We are looking for a Site Reliability Engineer with an operations and software engineering background to help us build and run large-scale, distributed, fault-tolerant systems.
Qualities we’re looking for
Thoughtful coder.
You understand the importance of abstractions and interfaces. You keep modules loosely coupled and know that algorithms + data structures = programs.
You read and understand existing systems before diving in, then you research and stand on the shoulders of giants to follow best practices. You know how to prototype, how to iterate, and when to step back and think it through or ask questions.
Builder.
You are committed to the projects you work on and need to see them through to completion. You understand that solving the user’s problem is the end goal.
You prefer open systems that are verifiably secure, you publish and use open source code, like we do.
Lifelong learner.
You stay up to date with the latest trends and are excited to learn new languages, tools, and best practices.
Explorer.
You thrive in teams and projects that span time zones and cultures.

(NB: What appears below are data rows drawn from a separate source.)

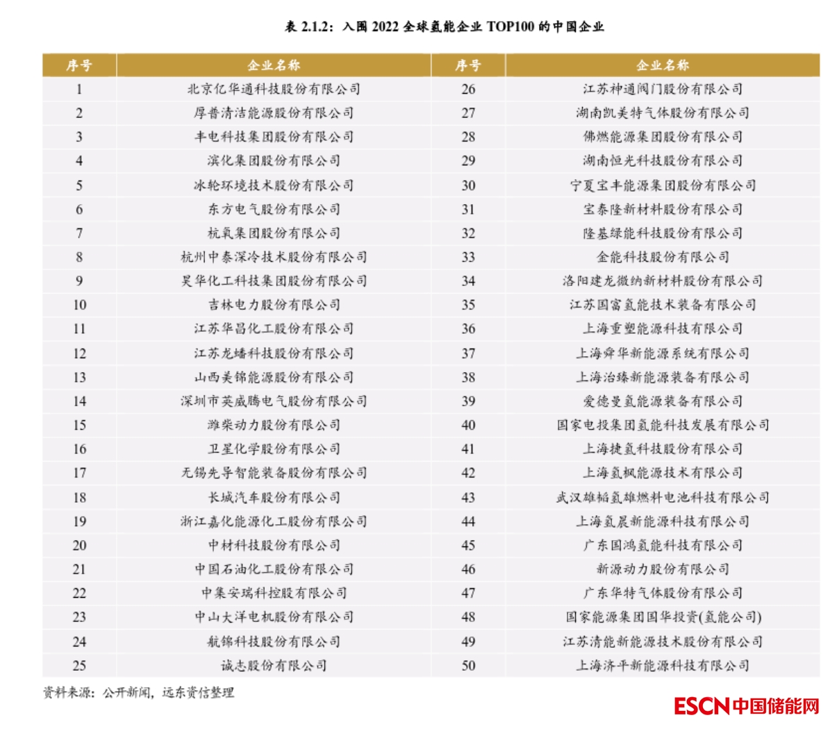 氫能產(chǎn)業(yè)鏈分別為上游制氫企業(yè)、中游儲運(yùn)商以及下游用氫企業(yè),包括加氫站的建設(shè)運(yùn)營商,氫能源汽車是目前我國氫能應(yīng)用最主要的領(lǐng)域,或也是未來氫能產(chǎn)業(yè)最重要的應(yīng)用發(fā)展方向。2022 年 11 月 16 日,第二屆氫能國際(中國·南海)主題峰會在線上舉行。在會上發(fā)布了 2022 全球氫能企業(yè) TOP100 榜單,評分方式主要采用定性分析 和定量分析相結(jié)合的方法進(jìn)行研究,最終評選出國外50家氫能、國內(nèi)50家氫能企業(yè)進(jìn)入“2022全球氫能企業(yè)TOP100” 榜單。
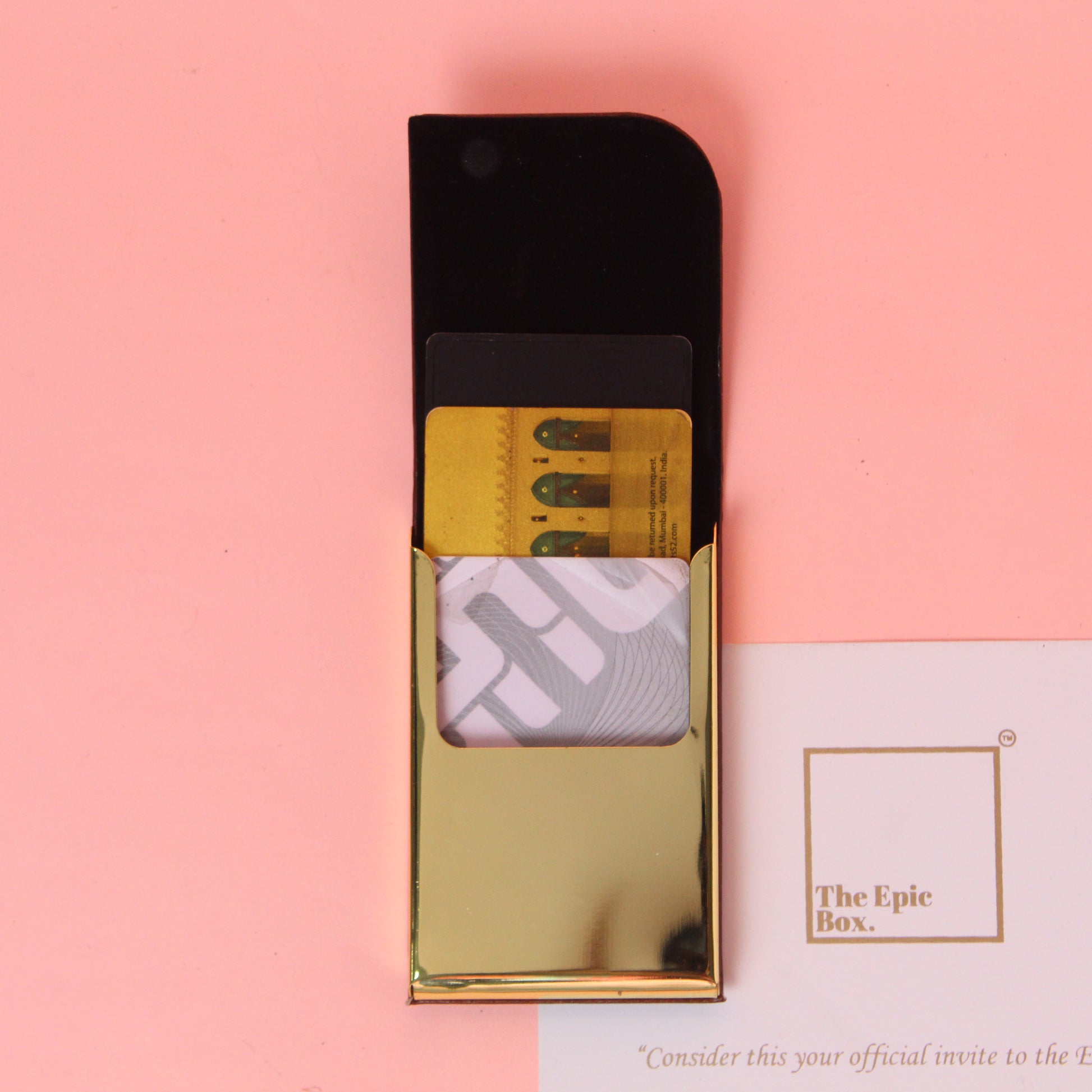 - Cardholder crafted with rich brown leatherette and a sleek gold metal base
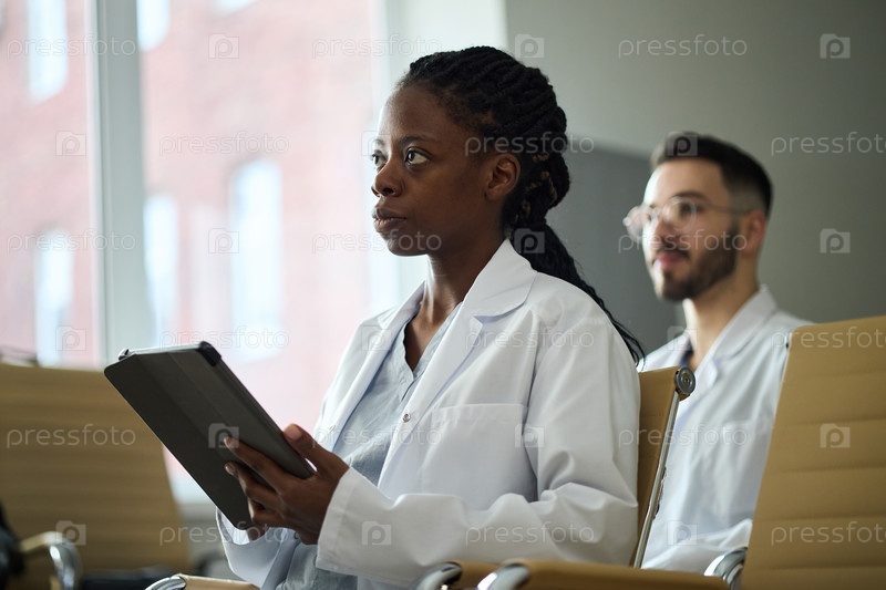 Американская женщина-врач, держащая планшет и обсуждающая случай с афроамериканцем

You’re ready and excited to travel in order to support projects, no matter how dusty or remote.
Requirements
Essential
Minimum 3 years maintaining production systems on Linux.
Minimum 2 years writing production web applications.
Minimum 1 year working with deployment or infrastructure tools, e.g. Ansible, Chef, Puppet.
Experience working with remote teams.
Strong attention to detail and understanding of architectural dependencies.
Strong troubleshooting and problem solving skills.
Experience in monitoring resource usage.
Experience in communicating with users, other technical, and project management teams to collect requirements.
Good oral and written communication skills.
Desirable
Experience managing and automating infrastructure on AWS, GCP, and Azure.
Experience writing Clojure, Java, JavaScript, and Python.
Experience using Ansible, Terraform, and Hashicorp Vault.
Experience using Docker, Kubernetes, and KOPS.
Experience using InfluxDB, Graphite, and Grafana.
Experience using Monit, Nginx, and SystemD.